To nail Garner, Lock made a deal with Riddick.  The deal is simple: If Riddick provides testimony against Garner (“cooperation”) he will get less jail time.  Riddick fails a polygraph shortly before the trial, but Lock uses him anyway.  From Riddick’s point of view, he gets leniency and does not have to “snitch” on his relative, Terrance Deloach.

Garner is convicted and is sentenced to 30-40 years in prison.

But wait.  Police in a nearby county go out of their way to follow up on the old “Terrance from NY” lead.  They arrest Terrance Deloach and get a confession to the robbery and the shooting.  Deloach is Riddick’s cousin and he has spent time in NY.  In fact, he spent time in a NY prison for shooting a person there.  Garner, in contrast, has no history of violence–just a drug possession arrest.
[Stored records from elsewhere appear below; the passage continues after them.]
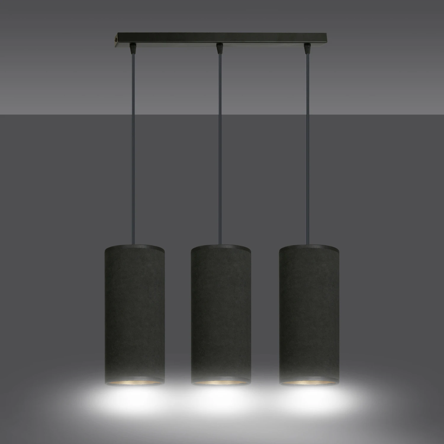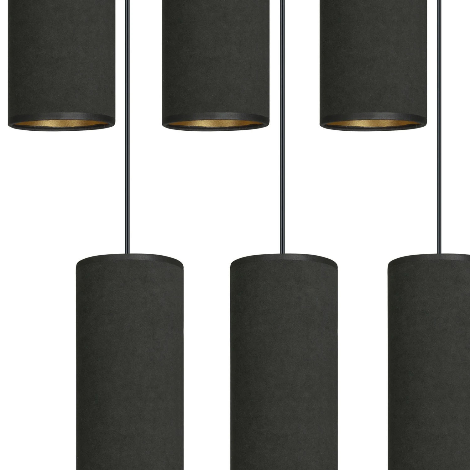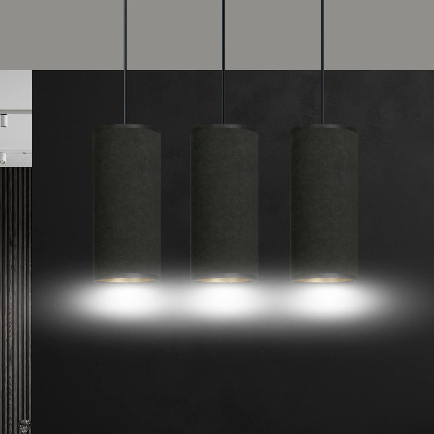 Suspension Joni Tissu Allongée 3 Lampes Noir Doré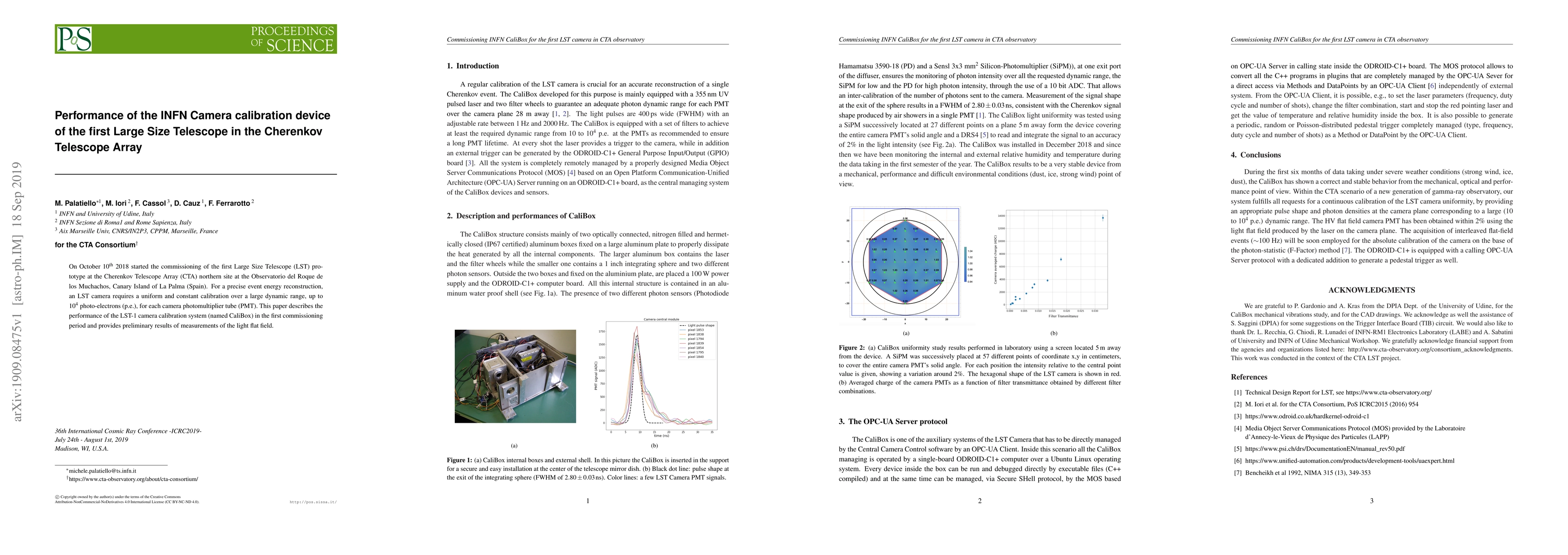 This paper evaluates the performance of the INFN CaliBox calibration device for the first Large Size Telescope (LST-1) prototype in the Cherenkov Telescope Array (CTA) during its initial commissioning phase. Preliminary results indicate successful calibration over a dynamic range of up to $10^{4}$ photo-electrons, essential for precise energy reconstruction.
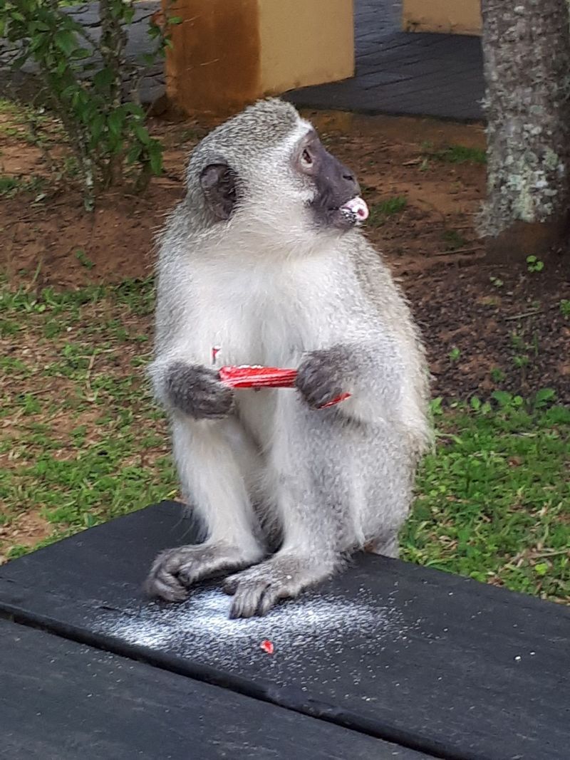Unser Busfahrer Joseph brachte uns sicher an unser erstes Ziel St. Lucia, wo Gesa uns die Begegnung mit Nilpferden versprach. Im Hotelgarten warnen Schilder vor den Nilpferden, die nachts auf Futtersuche durch die Straßen wandern. Was viele nicht wissen: die doch eher träge aussehenden Nilpferde sind die gefährlichsten Säugetiere Afrikas. Kein anderes Tier ist so aggressiv wie das Nilpferd und wer einem begegnet, sollte um sein Leben rennen. Da ein Nilpferd schon mal ein Tempo von 50 km/h und das über eine längere Distanz erreichen kann, war es doch sicherer, nachts im Hotel zu bleiben. Am nächsten Morgen konnten wir beim Frühstück im Hotelgarten bereits die grünen Meerkatzen beobachten, die aus einem Hotelzimmer Kaffeeweisser stibitzt hatten. Nun konnte unser Urlaub also beginnen. St. Lucia war der perfekte Ausgangspunkt für unsere Bootstour in den iSimangaliso Wetland Park, dem ersten UNESCO Weltnaturerbe-Park in Südafrika, wo wir unsere ersten Nilpferde sahen. Außerdem machten wir einen Ausflug an den Indischen Ozean, wo sich die besonders Mutigen in die Fluten stürzten. Ein Höhepunkt war der sonntägliche Besuch eines Gottesdienstes in einem Zuludorf, wo uns der Gesang der Kinder der Sonntagsschule, begleitet von afrikanischen Trommeln, begrüßte. Das war ein sehr anrührender Moment für uns.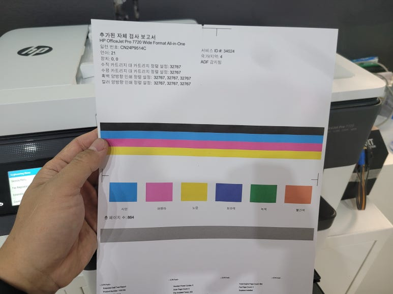 HP OfficeJet Pro 7720 팩스복합기 작업 내용은 아래와 같습니다.

At first, DA Lock holds a press conference in which he confesses his mistake.  After all, why would this guy Deloach confess if he was not involved? 

Now things get mysterious.  After one night in the Johnston County jail, Deloach recants his confession.  DA Lock reverses course the next day and says his original case against Garner was solid after all. 

Garner’s attorneys move for a new trial.  A new jury ought to hear about Deloach and his written confession to the crime.  A new jury ought to know that Riddick gave perjured testimony where he denied having a cousin from NY named “Terrance.”  DA Lock fights this legal motion and prevails. Garner’s appeals go nowhere in the N.C. court system.  He starts serving his long jail sentence.

Summary of the case:

  • Riddick, the planner and perjurer, gets four years.
  • Henderson, who told the truth about Deloach, gets 11 years.
  • Garner, a totally innocent man, gets 30-40 years.
  • Deloach, the attempted murderer, goes free.

However, a terrific Frontline documentary brings new scrutiny to the forgotten case.  The film is so powerful that the system just cannot withstand the spotlight.  About one month after the documentary airs, a court sets aside Garner’s conviction and he is freed.

Frontline really helped Terrance Garner.  And the national media attention has really helped the accused Duke University students.  Without such intense scrutiny, Nifong would still be on the case, and it is doubtful that the North Carolina Bar Association would have launched an ethics investigation.  But what about all the other cases that do not get such intense scrutiny?  Something to think about.